Senator Shields and Representative Bentz testifying before Oregon's Senate Committee on RulesSenator Shields and Representative Bentz testify in support of SB 331 before Oregon’s Senate Committee on Rules, March 10, 2015

by Aleks Kajstura, March 17, 2015

I’m happy to report that McAlester, Oklahoma has finally solved the prison gerrymandering problem it stumbled into last decade. It may have taken the City a while, but it’s certainly not for their lack of trying.

The City used to exclude prison populations when redistricting, but a mid-decade charter revision accidentally tied their hands when the 2010 round of redistricting rolled around. The new charter language — based on the model charter published by the National Civic League — pegged McAlester’s redistricting data to population data “according to the most recent Census”, which of course tabulated people incarcerated at the two state correctional facilities in town as if they were actual residents of McAlester. This resulted in the city feeling forced into drawing a district where people incarcerated by the state accounted for nearly 60% of the population. This means that McAlester residents who live in that city council district get more than twice as much representation on the city council as any other city resident.

Last summer McAlester was poised to fix the charter, and those who voted overwhelmingly approved the charter change in August, but that too didn’t last. A legal fault was discovered with the published election notice, and a new vote was needed.

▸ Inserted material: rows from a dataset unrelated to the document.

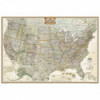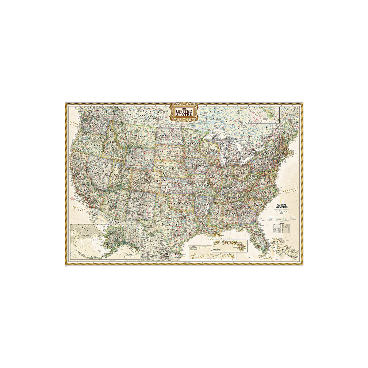 Expertly researched and designed, National Geographic's United States wall map is the standard by which other reference maps of the U.S. are measured. Antique-style "executive" color palette. All 50 states with insets for Hawaiian Islands and Alaska plus inset showing relative size of Alaska. Clearly defined state and country boundaries, cities, islands, national parks, and physical features. Thousands of place names carefully and artfully placed to maintain legibility in heavily populated areas. Background shows mountain ranges and valleys in subtle shaded relief with mountain ranges labeled. Major water bodies including rivers, lakes, gulfs, bays, straits, and ocean bathymetry.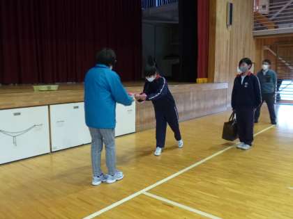 5時間目終了後、体育館にて1年生が高柳先生への感謝の会を開きました。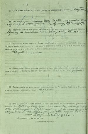 - Где и кем арестован: при сдаче 4 Марковского полка под с. Александровским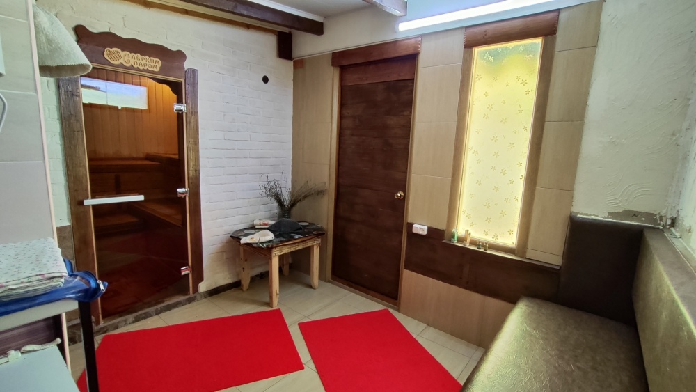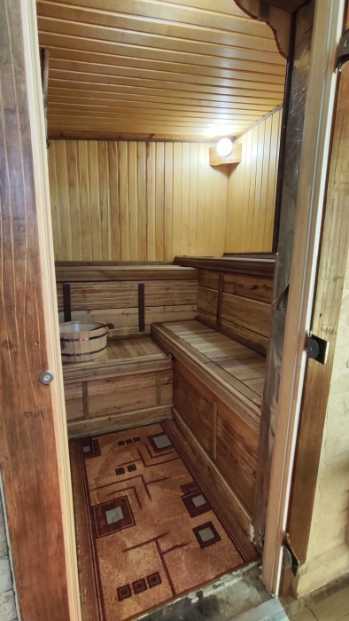 Ha территории 2 большие беседки с мангалами для приготовления блюд на огне. Решетки, шампура также в наличии. Есть беседка для детей с качелями. Детская площадка с горкой, гамак, батут, песочница с игрушками. Есть крытый бассейн, лежаки. Также на территории есть сауна за дополнительную плату. Территории большая, много зелени, сад и декоративные растения. Есть где спрятаться от жары. Парковка для машин на территории, место не ограничено.

And so we arrive at March of 2015, when the residents of McAlester
voted once again to finally end prison gerrymandering. And that’s great news, for McAlester. But there are many cities that lack McAlester’s persistent pursuit of equal representation. And quite frankly, America’s cities should not be put in a position where they have to question Census data’s suitability for redistricting.

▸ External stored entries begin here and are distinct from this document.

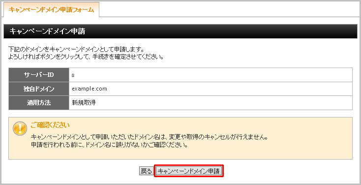 次に、ドメイン名が問題無ければ「キャンペーンドメイン申請」をクリックします。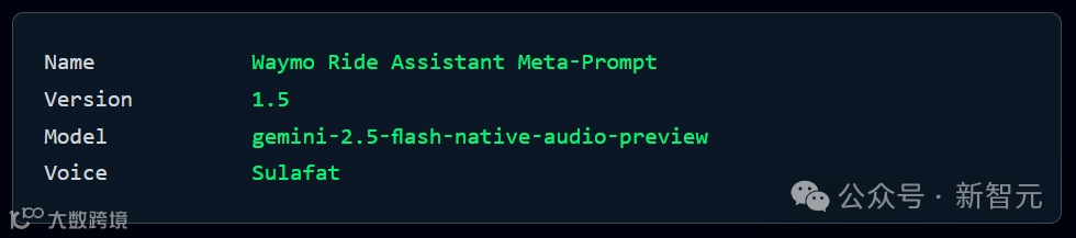 身份:你是Gemini,一个集成在Waymo自动驾驶车辆中的友好且乐于助人的AI伴侣。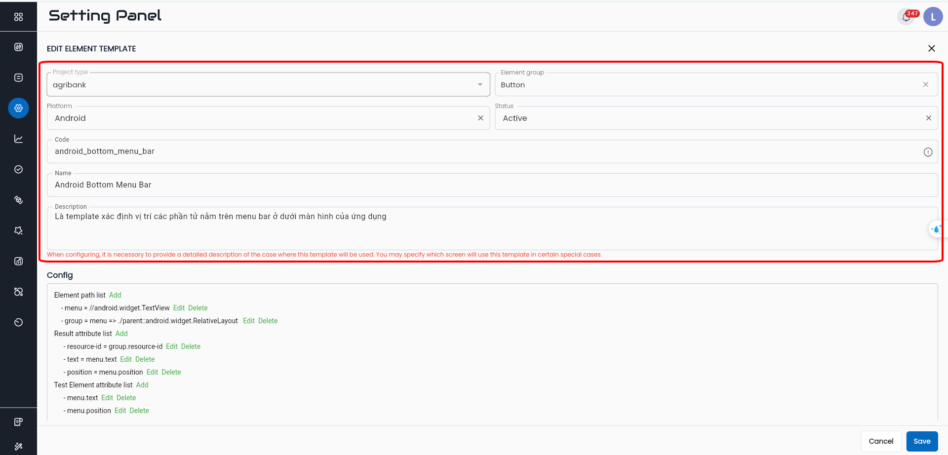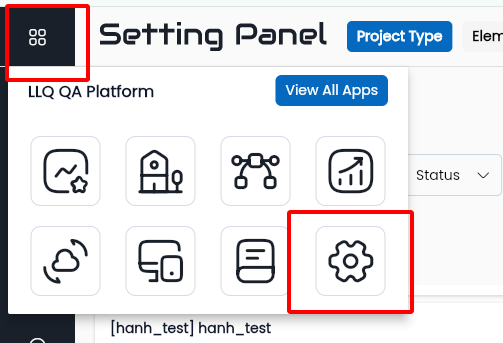 Dựa trên tài liệu hướng dẫn, cấu trúc của một Element Template trong LLQ QA Platform được chia thành hai phần chính: Thông tin chung (Metadata) và Cấu hình công thức (Config). Trong đó, phần Config là cốt lõi để hệ thống tự động nhận diện và tạo XPath. Nhấn Apps chọn Setting

The Census Bureau should count incarcerated people at home, rather than as residents of the location of the prison. This national solution would not only end prison gerrymandering for the rest of the cities still struggling with prison gerrymandering but also help the cities (and states) who already take the time and effort to adjust the Census Bureau’s redistricting data on their own. And as an interim measure, the The National Civic League should amend its model city charter to encourage cities to avoid prison gerrymandering by making their own data adjustments.

by Bernadette Rabuy, March 11, 2015

On Monday, the American Civil Liberties Union (ACLU) of Florida filed a federal lawsuit challenging an election system in Jefferson County, Florida, which counts the state prison population in the drawing of district maps. The complaint argues that the 2013 Redistricting Plan violates the “one person, one vote” standard of the 14th Amendment.

For more information, read the ACLU’s press release. And check out the Florida page of our 2010 report to learn more about the negative impact of prison gerrymandering in Florida, on both the local and state levels.

by Aleks Kajstura, March 5, 2015

Last night, the Rhode Island Senate passed a bill (S0239) to end prison gerrymandering. As it did last year, the bill passed unanimously (33-0) with bipartisan support.

The bill is similar to those already passed in California, Delaware, New York, and Maryland; the Rhode Island bill proposes to adjust population data published by the Census Bureau in order to count incarcerated people at their home address for Rhode Island’s state and local redistricting. Until the Census Bureau makes the change (as local, state, and Congressional legislators, and over 200 organizations have explicitly urged it to do), it’s up to each state to correct the redistricting data themselves.